The final instalment of the RWA’s elements series, Earth: Digging Deep in British Art 1781-2022 tackles the most expansive and urgent of subject matters, bringing together important modern, historical and contemporary artworks, co-curated by artist Emma Stibbon RA RWA, art historian Professor Emerita Christiana Payne (Oxford Brookes University) and Nathalie Levi (Head of Programme – Curator of Exhibitions, RWA). It follows The Power of the Sea: Making Waves in British Art 1790-2014 (2014), Air: Visualising the Invisible in British Art 1768-2017 (2017) and Fire: Flashes to Ashes in British Art 1692-2019 (2019).

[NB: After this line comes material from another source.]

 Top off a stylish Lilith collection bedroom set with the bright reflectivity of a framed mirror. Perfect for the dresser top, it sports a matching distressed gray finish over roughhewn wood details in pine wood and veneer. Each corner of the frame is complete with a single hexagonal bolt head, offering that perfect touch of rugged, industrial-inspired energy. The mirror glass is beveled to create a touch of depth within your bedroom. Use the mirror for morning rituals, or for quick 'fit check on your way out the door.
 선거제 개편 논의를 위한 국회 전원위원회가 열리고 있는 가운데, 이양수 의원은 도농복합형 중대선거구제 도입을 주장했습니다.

Earth examines how attitudes towards the landscape have evolved over the centuries and how artists’ approaches have changed over time; from the pastoral idylls of the 18th century, through representations of the Romantic Sublime, to present-day confrontations of the climate emergency. Encompassing depictions of the natural world from geological, spiritual, industrial, cultural and scientific perspectives.
This exhibition goes deep beneath the earth, exposes the core materiality of its elements, explores the substance of the surface, climbs dizzying heights and perches perilously on its edges. It bears witness to the earth’s mistreatment and its magnificence, its fullness and its fragility. Earth surveys the representation of our environment across four centuries, inviting us to consider our planet in all its abundance, precarity and preciousness.

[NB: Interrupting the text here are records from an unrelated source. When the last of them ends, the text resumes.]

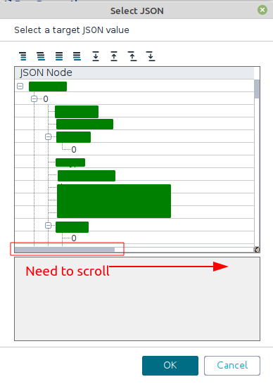 Window size is set to display only 'JSON Node' column. 'Value' column is hidden and I need to scroll to the right so it would be visible again.
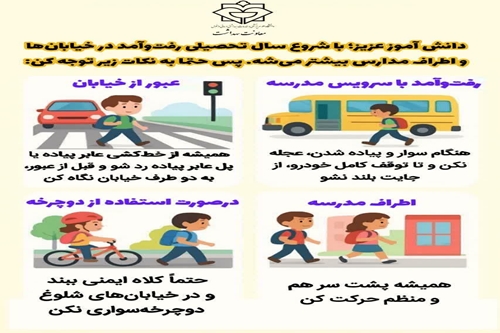 باتوجه به شروع سال تحصیلی جدید، رفت و آمد در خیابان ها بیشتر میشود، پس تلاش کنیم تا با رعایت اصول ایمنی، سال تحصیلی را به سلامت پشت سر بگذاریم.
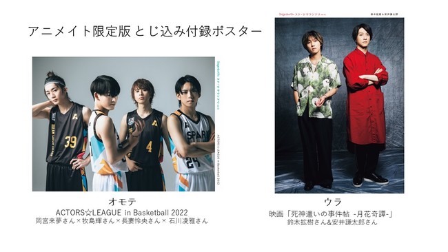 また本誌とじ込み付録には『ACTORS☆LEAGUE in Basketball 2022』岡宮来夢、牧島輝、長妻怜央、石川凌雅、映画「死神遣いの事件帖 -月花奇譚-」鈴木拡樹&安井謙太郎のA3両面ポスターが付いてくる。
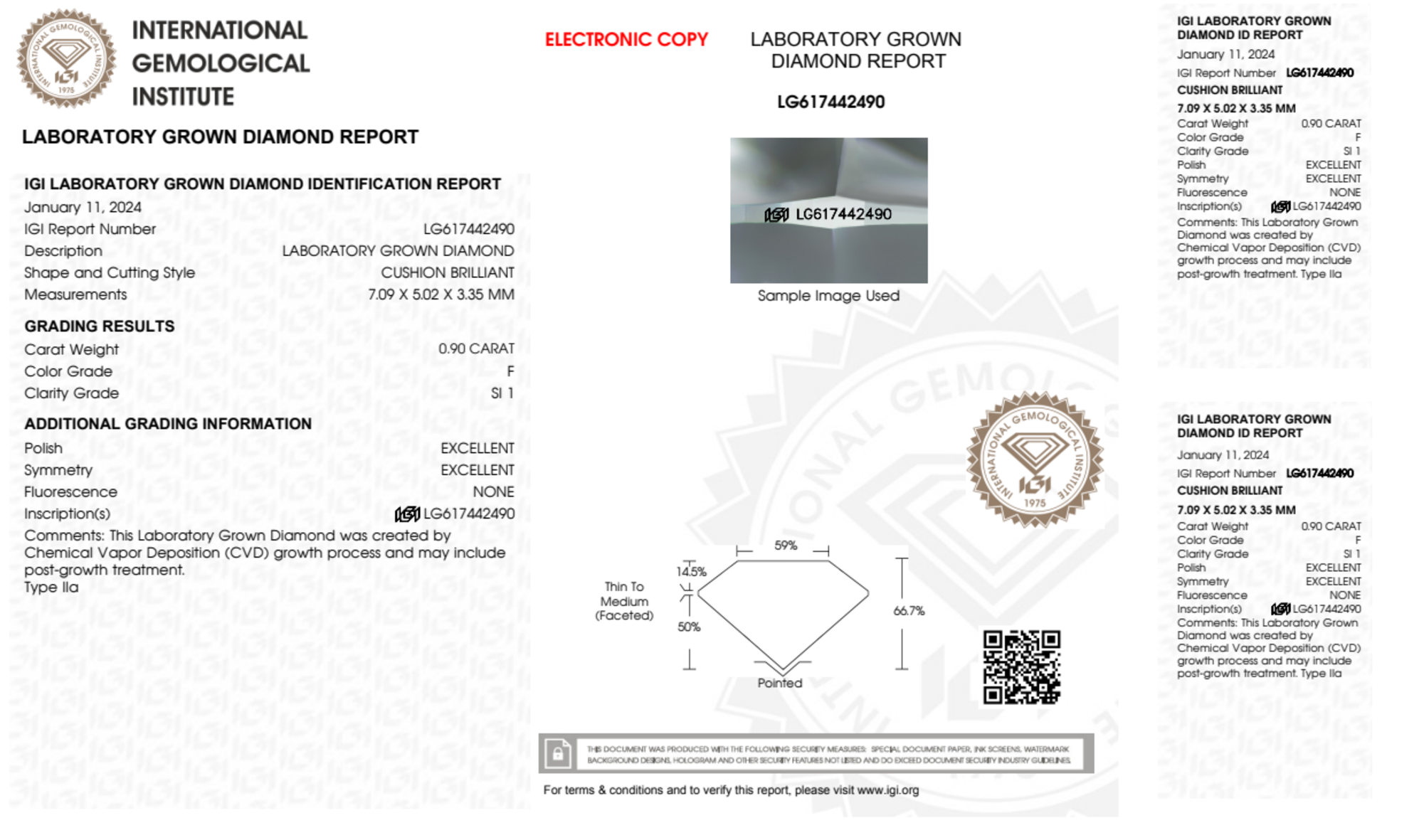 Your 0.90 carat Cushion lab diamond is graded F color (Colorless), and you can read more about F color diamonds here.
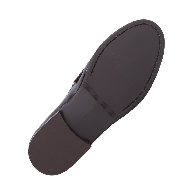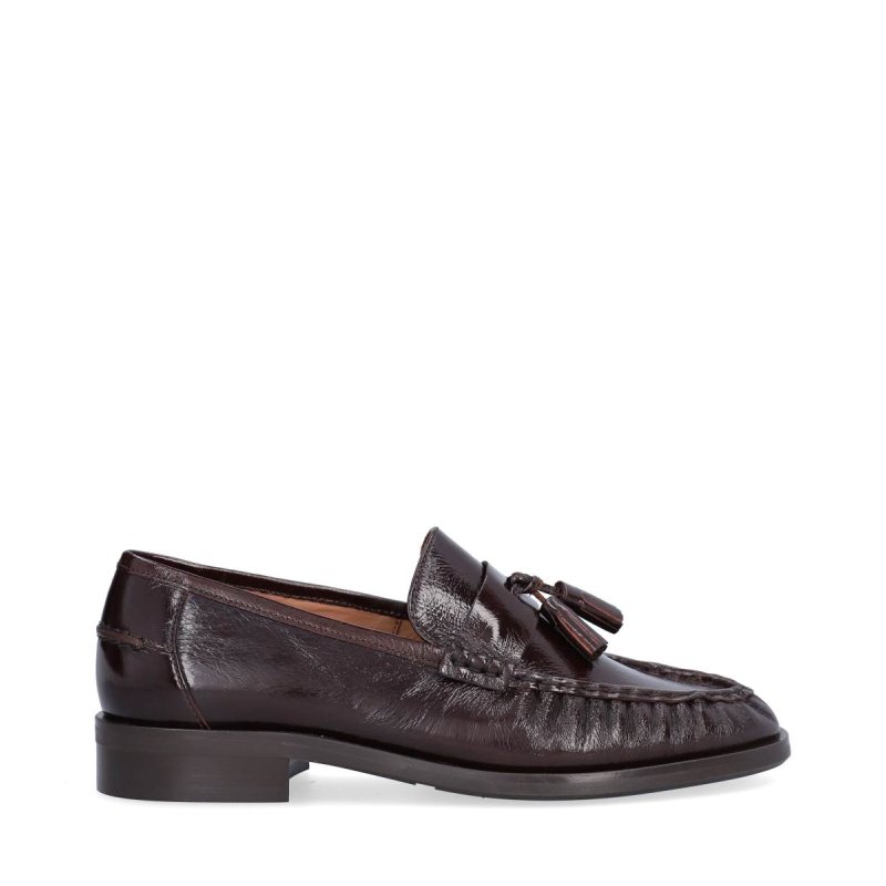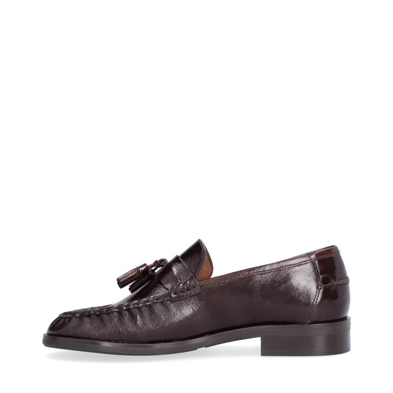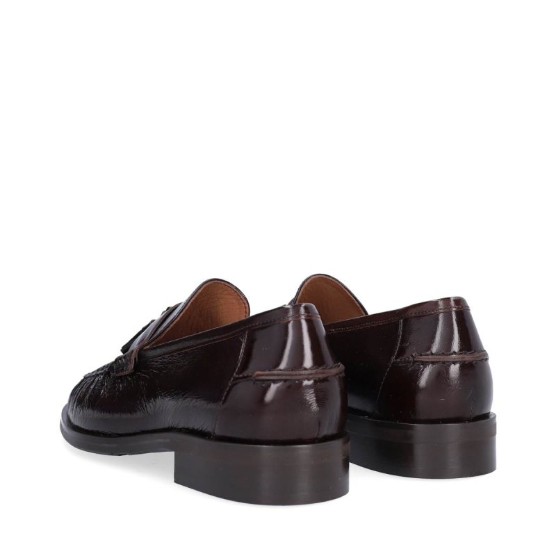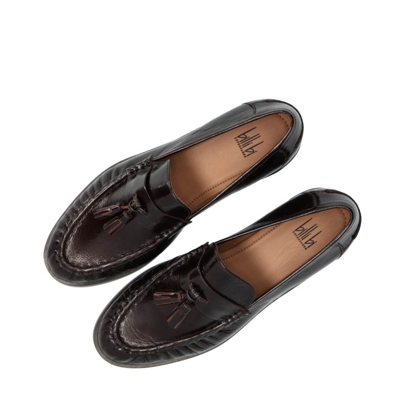Meget fin og moderne håndlavet loafer fra Billi Bi, lavet i en meget flot mørkebrun lakskind med rund tå. Skoen er dekoreret med en simpel strop henover fronten og to kvaster, samt en markeret stikning, hvor skindet danner en let rynkning, der giver meget fine detaljer.

Earth will be accompanied by a full-colour publication by Sansom and Co including three essays and over 50 images of work
Exhibiting artists: Wilhelmina Barns-Graham, Samuel John Lamorna Birch, William Blake, Mary Buckland, Edward Calvert, Edward Chell, George Clausen, John Constable, Edward William Cooke, John Sell Cotman, Alice Cunningham, Dalziel + Scullion, Susan Derges, Thomas Gainsborough, Anya Gallaccio, Anthony Gross, Andrew Hardwick, Rodney Harris, William Henry Hunt, Fiona Hingston, Kabir Hussain, Samuel Jackson, Laura Knight, Tania Kovats, Abigail Lane, Richard Long, Philip James De Loutherbourg, Siobhán McDonald, John Martin, David Nash, John Nash, Paul Nash, Mariele Neudeker, Samuel Palmer, Katie Paterson, Julian Perry, John Piper, Michael Porter, Kathy Prendergast, Eric Ravilious, Carol Rhodes, Yinka Shonibare, Stanley Spencer, Emma Stibbon, Graham Sutherland, Francis Towne, J. M. W. Turner, Anthony Whishaw.